Japanese record label (1989–1992)

Ken Music was a jazz record label based in Japan that distributed CDs in Japan, Germany, North America, and Great Britain. The company was founded by Kenichi (Ken) Fujiwara in 1989 as a subsidiary of Matsuka USA, which, among other things, manufactured industrial robotic sewing systems for car seat manufacturers. The label functioned from 1989 to 1992.

== Ken artists ==

- Conrad Herwig
- Walt Weiskopf (1959)
- Peter Leitch (born 1944)
- Gust William Tsilis (born 1956)
- Jim Snidero
- Dave Stryker
- Axel Grube
- Stan Kenton
- Salvatore Bonafede
- Grover Mitchell
- Ron McClure
- Brian Lynch
- Renee Manning
- Toshiko Akiyoshi
- Ted Rosenthal
- Phil Markowitz
- Fabio Morgera
- Eiji Nakayama
- Joanne Brackeen
- Eddie Gómez
- Jack DeJohnette

== Leadership ==
Executive producer
 Kenichi Fujiwara was originally from Tamano, south of Okayama, and was an avid jazz fan who had worked as a bandboy for the Count Basie Orchestra on Japanese tours. He met trombonist Conrad Herwig on a tour of Japan with Toshiko Akiyoshi in the mid-1980s and became of fan of soloists such as Herwig, Jim Snidero, and Brian Lynch. Fujiwara wanted to produce and engineer recordings, relocating to New York City to do so. Originally an employee of Matsuka Industries in Japan, Fujiwara used this relationship to launch his own Ken Music label. His office at 301 West 57th Street, Suite 26A, Manhattan, New York City, was, at the time, the Matsuka USA headquarters.
Other producers
 Gust Tsilis (Gust William Tsilis; born 1956) worked for Ken Music, where he produced over 40 CDs.

== Matsuka USA Inc. ==
Matsuka USA incorporated in the state of New York on November 1, 1989, and changed its name on November 21, 2001, to Upright Enterprises Incorporated.

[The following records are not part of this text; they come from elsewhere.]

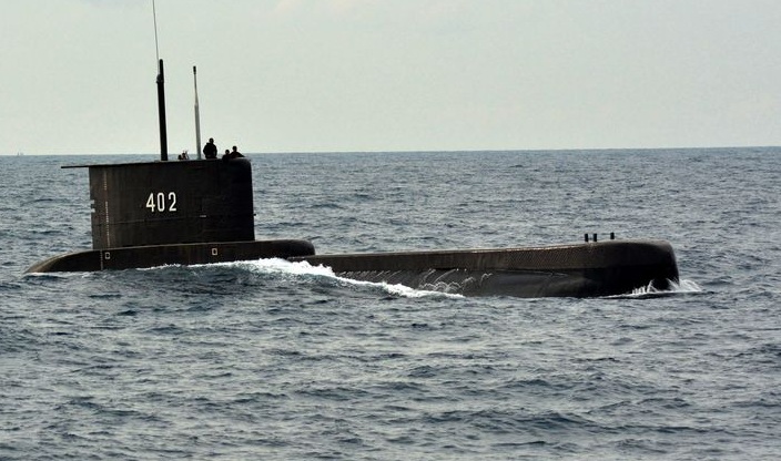 Kapal selam KRI Nanggala-402 buatan tahun 1952 saat latihan Pratugas Satgas Operasi Pengamanan Perbatasan (Pamtas) Maphilindo 2017 di Laut Jawa, Jumat (20/1/2017).
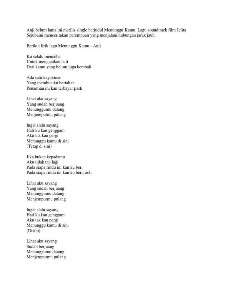 Download Lagu Menunggu Kamu Cipt Anji Voc Chintya Gabriella Lirik Lagu Cover MP3 & Video MP4 - Clip2mp3
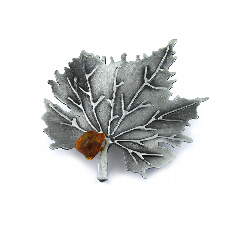 БРОШЬ/ОЖЕРЕЛЬЕ В СТИЛЕ ЛИСТ С ЯНТАРЕМ
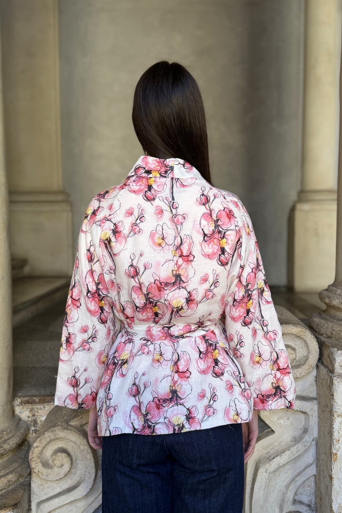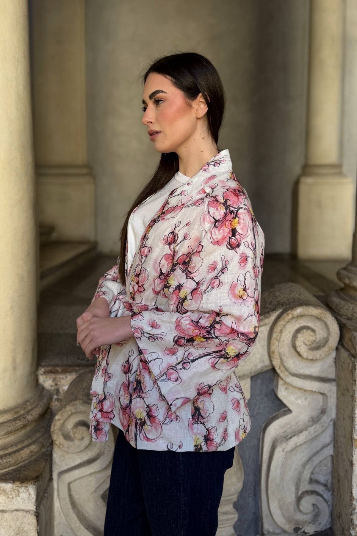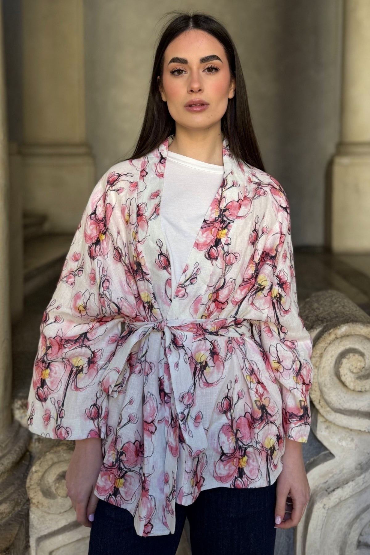 Giacca kimono in puro lino dalla linea morbida e avvolgente, impreziosita da una delicata stampa floreale nei toni cipria, rosa e accenti caldi a contrasto. Il taglio fluido è valorizzato dalla cintura coordinata in vita, che permette di modulare la silhouette con naturale eleganza.
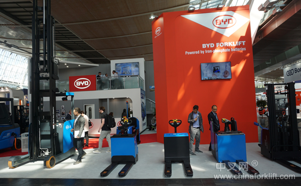 除此之外,比亚迪还携带了其他六款欧洲首发车型齐齐亮相。前移式电动叉车RTR16、电动牵引车T30、堆垛车EPS14P和ESP15I及两款电动托盘车PTP20P和PTW20S也在本次展会中展出。
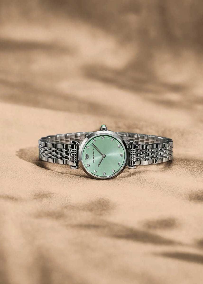 Эти женские часы — идеальный спутник для современной женщины, ценящей стиль и качество. Мерцающий циферблат Sunray, играющий переливами света при каждом движении, и россыпь кристаллов на метках создают неповторимый образ. Детали, говорящие о высоком классе: рифленая заводная головка с изящным кабошоном и надежная задняя крышка на винтах. Стальной браслет с застежкой-бабочкой обеспечивает идеальную посадку и комфорт на весь день.
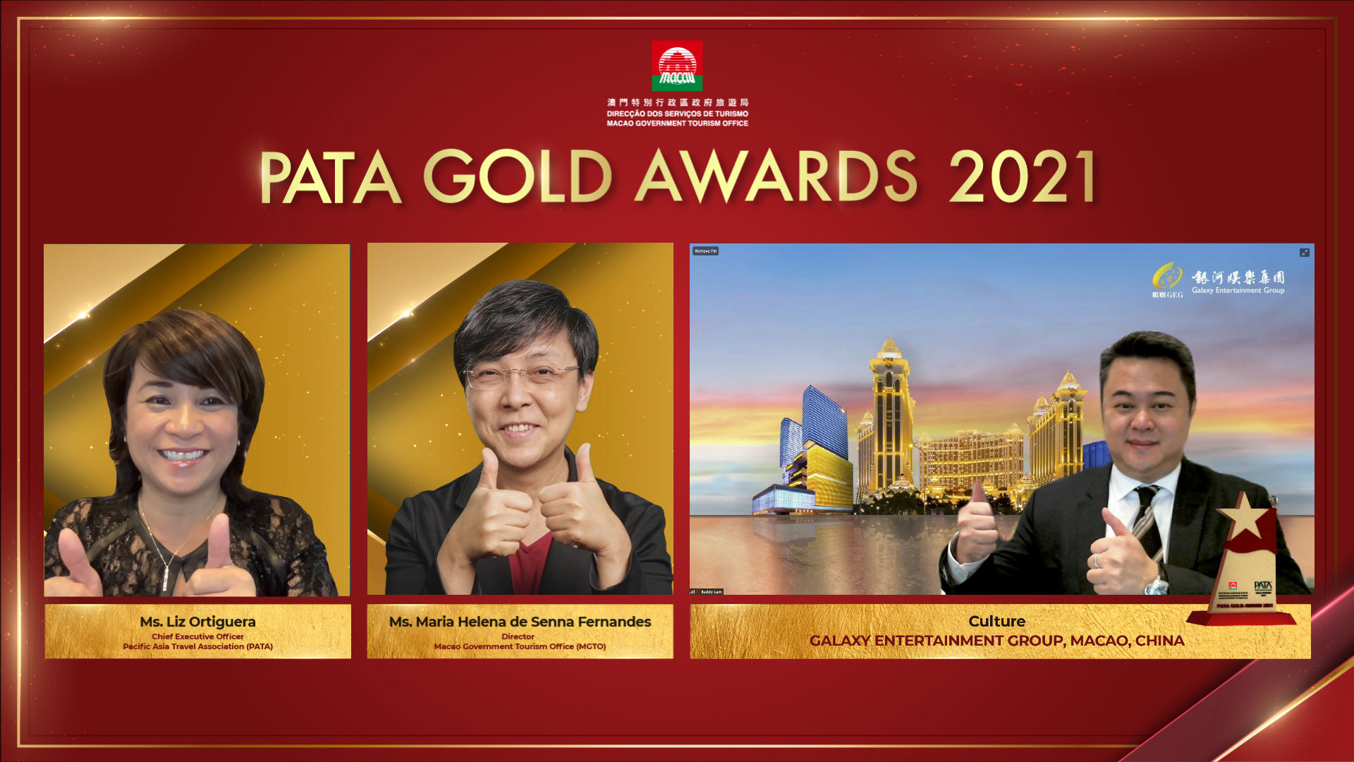 Galaxy Entertainment Group (“GEG”) reaffirmed in a statement today that it endeavours to help foster Macau’s development as a World Centre of Tourism and Leisure by committing to the sustainable development of Macau’s various industries and supporting different cultural, arts, recreation andsports initiatives. Today, according to the statement, GEG received a Gold Award for Culture (Traditional Performance and Visual Arts) in the Sustainability and Social Responsibility Category for its Diversified Approach to Promoting Cultural Tourism from the Pacific Asia Travel Association (PATA).
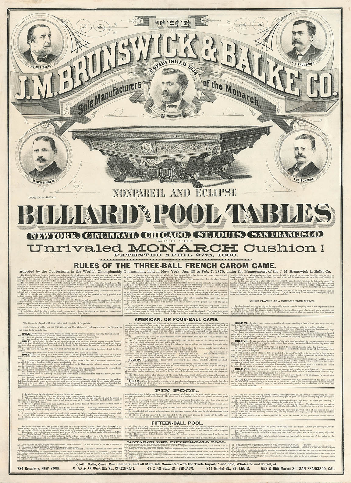 DESCRIPTION: A rare advertising broadside for the J.M. Brunswick & Blake Co. Builders of pool and billiard tables.<br><br> Pictured is a 1880 Monarch billiard table. Surrounding that are portraits of J.M. Brunswick, Julius Blake, A.T. Troescher, M. Bensinger and Leo. Schmidt. Below that they advertise there locations in New York, Cincinnati, Chicago, St. Louis and San Francisco. Following that are various rules.<br><br> Rules of the three-ball French Carom Game.<br><br> American, or four-ball game.<br><br> Pin Pool.<br><br> Fifteen-ball pool.<br><br> Monarch Red fifteen-ball pool.<br><br> This cataloger could not locate another impression of this broadside.
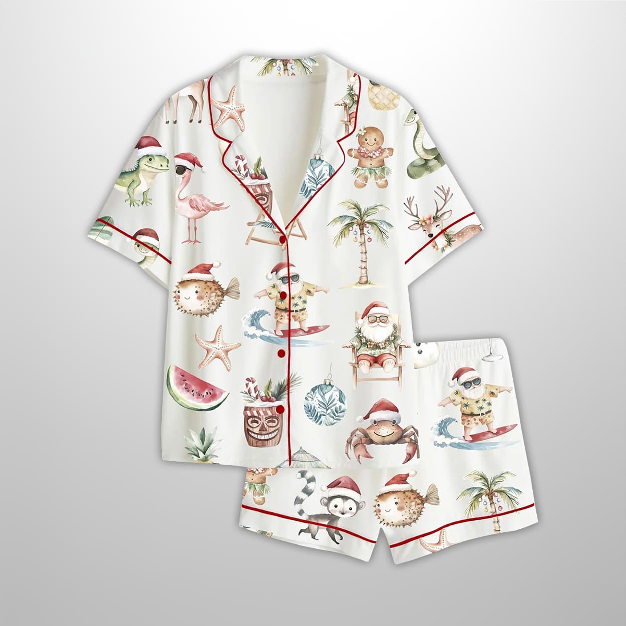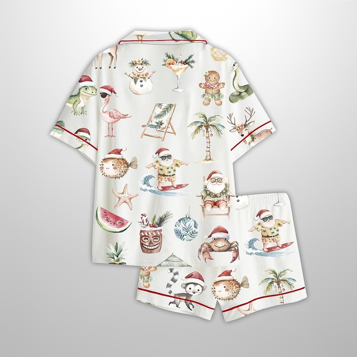 Say aloha to the holidays with this whimsical pajama set that blends Christmas cheer with tropical flair. The short-sleeved button-up shirt and matching shorts are adorned with a watercolor-style print featuring a delightful mix of festive and beachy icons. From turtles and owls in Santa hats to palm trees, coconuts, and watermelon slices, every inch of this set radiates playful charm. Red piping along the edges adds a pop of contrast, framing the joyful chaos of holiday-meets-Hawaii in a way that’s both eye-catching and cozy.
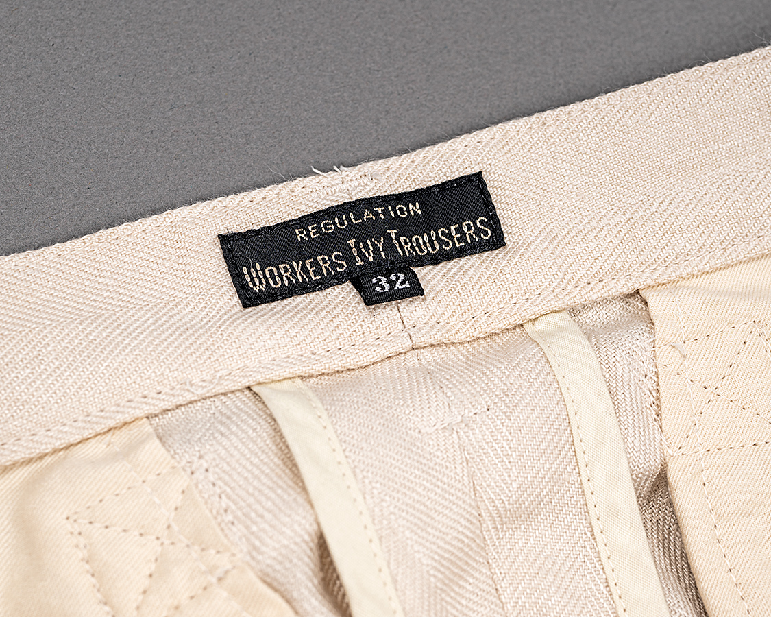 Officer Trousersよろしく「IVY Trousers」。私自身、若いときは「アイビー?何それ?」でしたが、年取るとこれも本家アイビーリーグから日本で発展した1ジャンルとして受け入れられるようになりました。
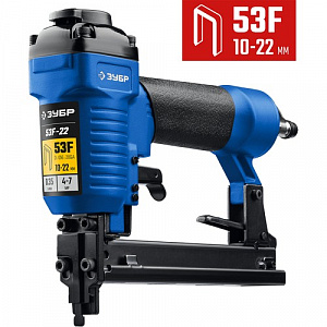 Пневматический степлер (скобозабиватель) ЗУБР 53F-22, скобы тип 53F (10-22 мм), Профессионал, 31935
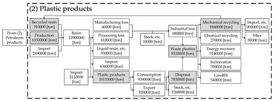 Data relating to the processing of petroleum products in process (1) shown in Figure 1 apply statistical data published by the Japan Agency for Natural Resources and Energy []. The data utilized were production, shipment, import, export, and stock. Data relating to the processing of plastic products process (2) shown in Figure 1 apply statistical data published by the Japan Plastic Waste Management Institute []. The utilized data were resin manufacture, plastic product manufacture and consumption, waste disposal, and recycling. Considering the data relating to by-product process (3) shown in Figure 1, there were no statistical data on hydrogen and carbon dioxide gas. Hydrogen production was applied to the survey results (14.02 billion Nm3) of Mizuho Research & Technologies Ltd (Mizuho Research & Technologies Ltd, Tokyo, and Japan.) []. The annual domestic demand for dry ice is approximately 350.00 thousand ton, of which approximately 25.00 thousand ton is imported []. Hence, a difference of 325.00 thousand ton was set as the domestic dry ice production. The Japan Industrial and Medical Gases Association [] states that 48.8% of domestic liquefied carbon dioxide production is derived from petroleum-refining plants. Therefore, this study assumed that the ratio of dry ice production from an oil refinery plant is equivalent to the production of liquefied carbon dioxide, which is estimated to be 157.30 thousand ton. Data relating to sulfur apply statistical data published by the Japan Ministry of Economy, Trade and Industry []. The data utilized concern sulfur production.
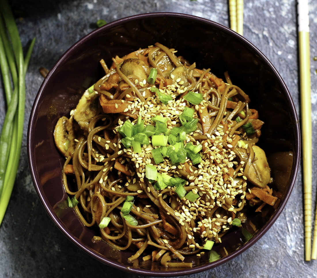 Ароматная лапша со сладковатой морковью, сочными грибами, пряным зеленым луком, с чесноком и имбирем, в густой заправке с хрустящими зернышками кунжута - м-м-м-м - это изумительно вкусно. Постная, полностью веганская, простая в приготовлении. Такое блюдо можно готовить с любой вашей любимой лапшой, хотя мой (и японцев) личный фаворит для таких блюд - это гречневая лапша соба. А по сути, можно использовать как рисовую, так фунчозу или пшеничную рамен или суомен, или даже самую обычную яичную (хоть постным блюдо уже не будет). Сейчас в любом супермаркете завидный выбор азиатской лапши на любой вкус и кошелек.
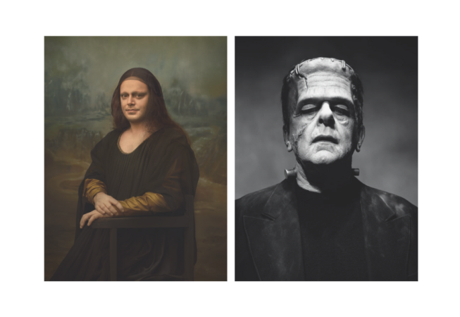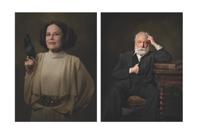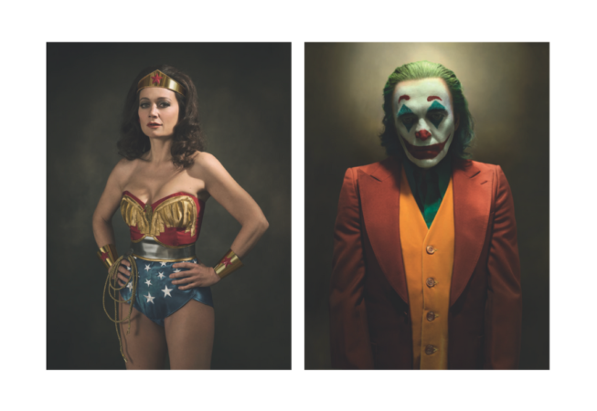 La série de photographies en couleur et en noir & blanc, Portraits Croisés, nous offre une vision de la culture à la fois positive et réjouissante dans laquelle se mêlent les grands classiques des siècles derniers (Molière, Victor Hugo, Beethoven…) aux contemporains (Wonder Woman, Pac Man, Dallas…).
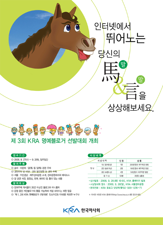 - 대회 입상자는 향후 KRA 인터넷 홍보대사로 위촉됩니다.
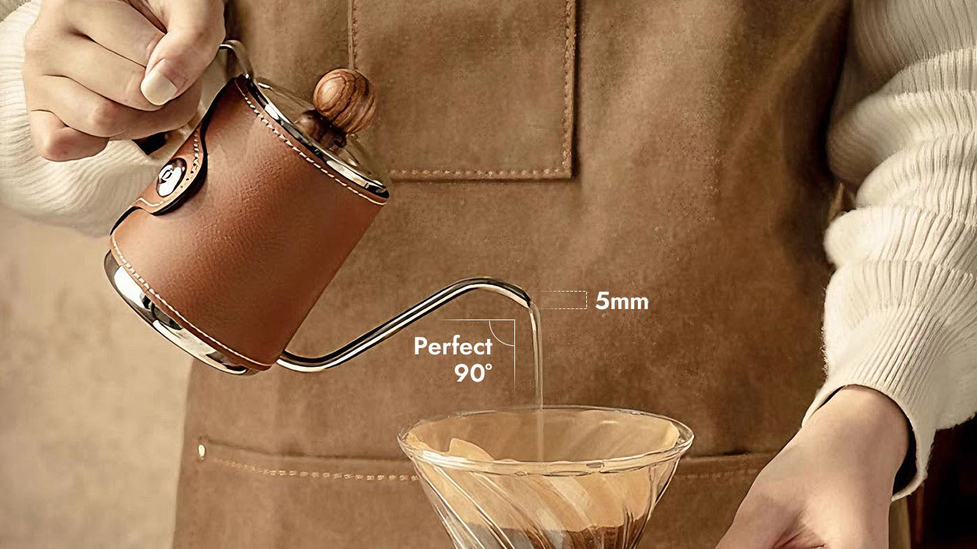 One of the most critical aspects of pour-over coffee is achieving a controlled and consistent water flow. A gooseneck kettle, like the iKoffy Premium Leather Sleeve Pour-Over Kettle, allows you to pour with pinpoint accuracy. This precision ensures the coffee grounds are evenly saturated, promoting balanced extraction and unlocking the complex flavors in your beans.
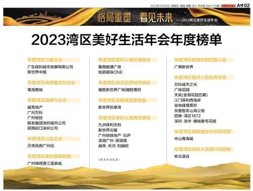 在《南方都市报》发布的2023湾区美好生活年会年度榜单中,招商蛇口深圳公司荣膺“年度湾区品牌力企业”殊荣。该奖项的颁发,是对深圳公司在过去一年聚焦湾区发展,实力匠造品质人居的认可与肯定。
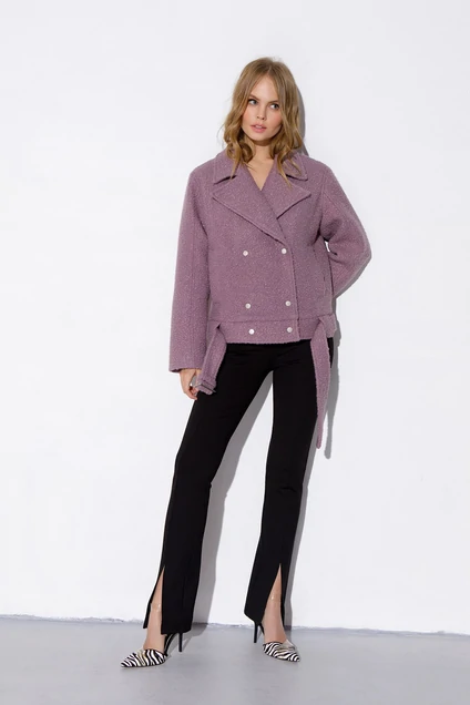 Куртка свободного покроя из фактурной ткани. Детали: прямой силуэт, спущенная линия плеча, смещенные рельефы с нагрудными вытачками и функциональными карманами, кокетки переда и спинки, длинные рукава, смещенная застежка на кнопки
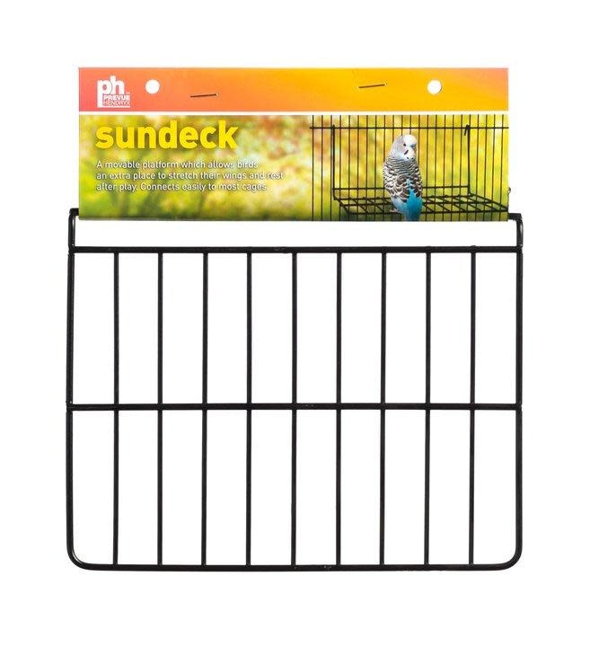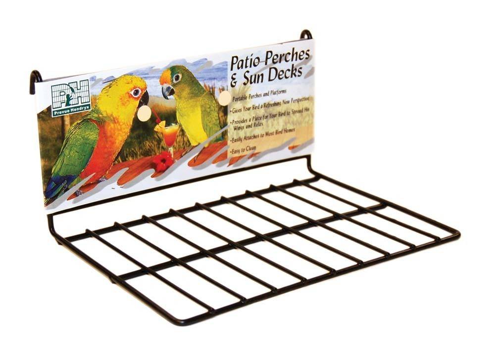 Prevue Pet Products Small Black Wire Patio Sundeck attaches to most cages providing an extra resting spot for your bird. Coated wires are non-toxic and easy to clean place multiple patio's throughout the cage to give each bird their own space. Our Black Wire Patio Sundeck is 8x6.5x4 with 9/16in wire spacing.
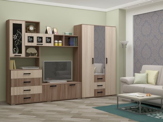 Эта модульная система отличается своей компактностью, легкостью, функциональностью. Стенка подойдет как в малогабаритную квартиру, так и в просторную гостиную.
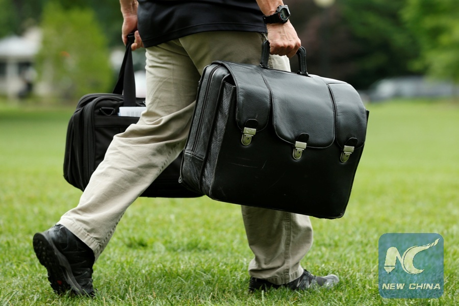 An aide carries a case containing launch codes for nuclear weapons, following U.S. President Donald Trump on the South Lawn of the White House in Washington, U.S., before his departure to Camp David, June 17, 2017. (Xinhua/REUTERS)
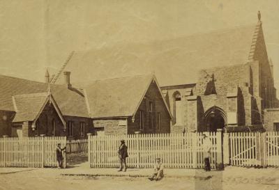 Exterior view of St. Marks church and school buildings, with people waiting on the footpath outside.
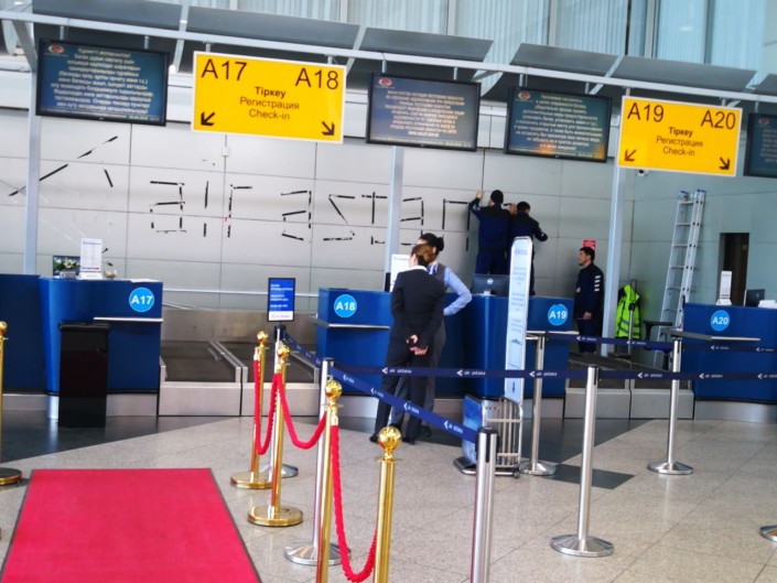Как разъяснили в компании MYD production, которая сейчас является единым рекламным оператором в международном аэропорту Алматы (МАА), был демонтирован только логотип компании на стене за стойкой регистрации.
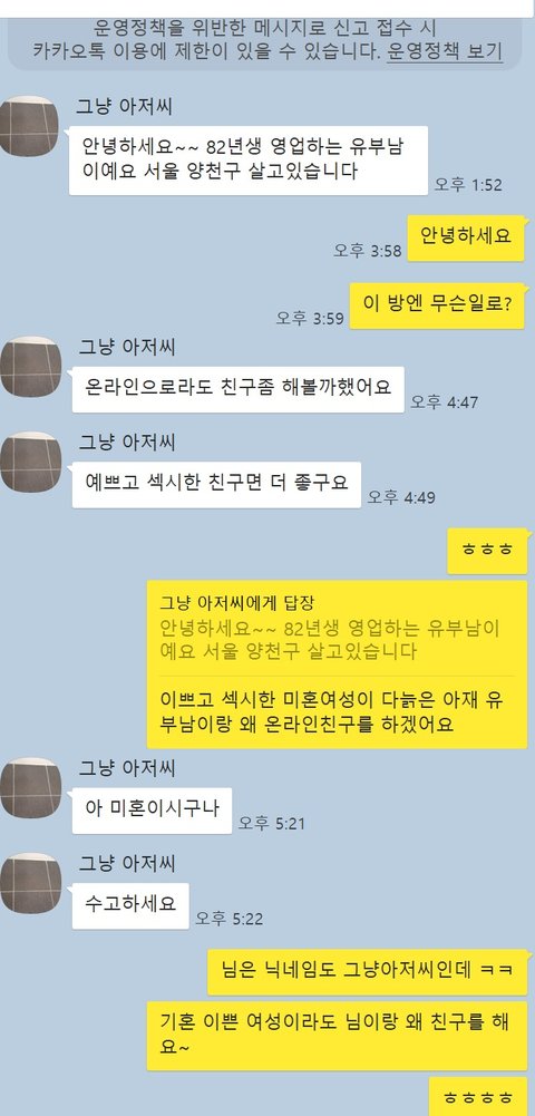 카카오톡 오픈채팅하는 한국 유부남 개저씨
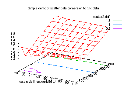 set dgrid3d ,,4 set xlabel "data style lines, dgrid3d ,,4" set style data lines splot "scatter2.dat"Click here for minimal script to generate this plot
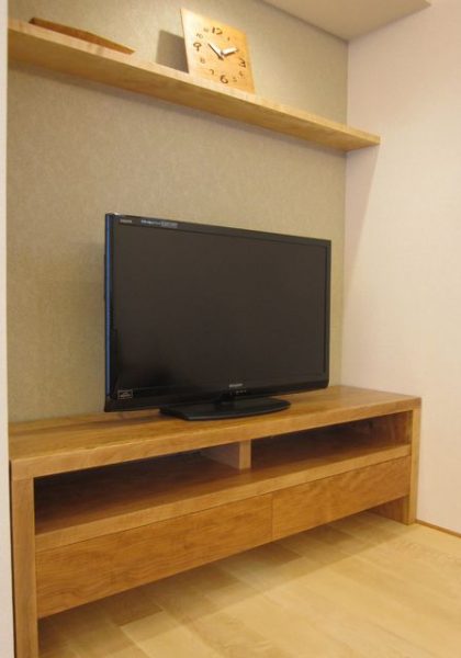 下のテレビボードは巾木をよけてぴったりサイズで作ってあります。

Upright, which was headed by Akira Matsuka with agent Mieko M. Ajiro, registered as a foreign corporation in California on February 28, 1995, and kept its corporate domicile in New York. As of 2012, its California foreign registration was forfeited, although it is an active corporation in New York.

== Foreign distribution ==
Fujiwara had a distribution agreement with Bellaphon Records in Germany, which gave Ken artists a stronger presence in Germany and all of Europe.

== Reissues ==
Ken Music also reissued recordings for labels, including SeaBreeze.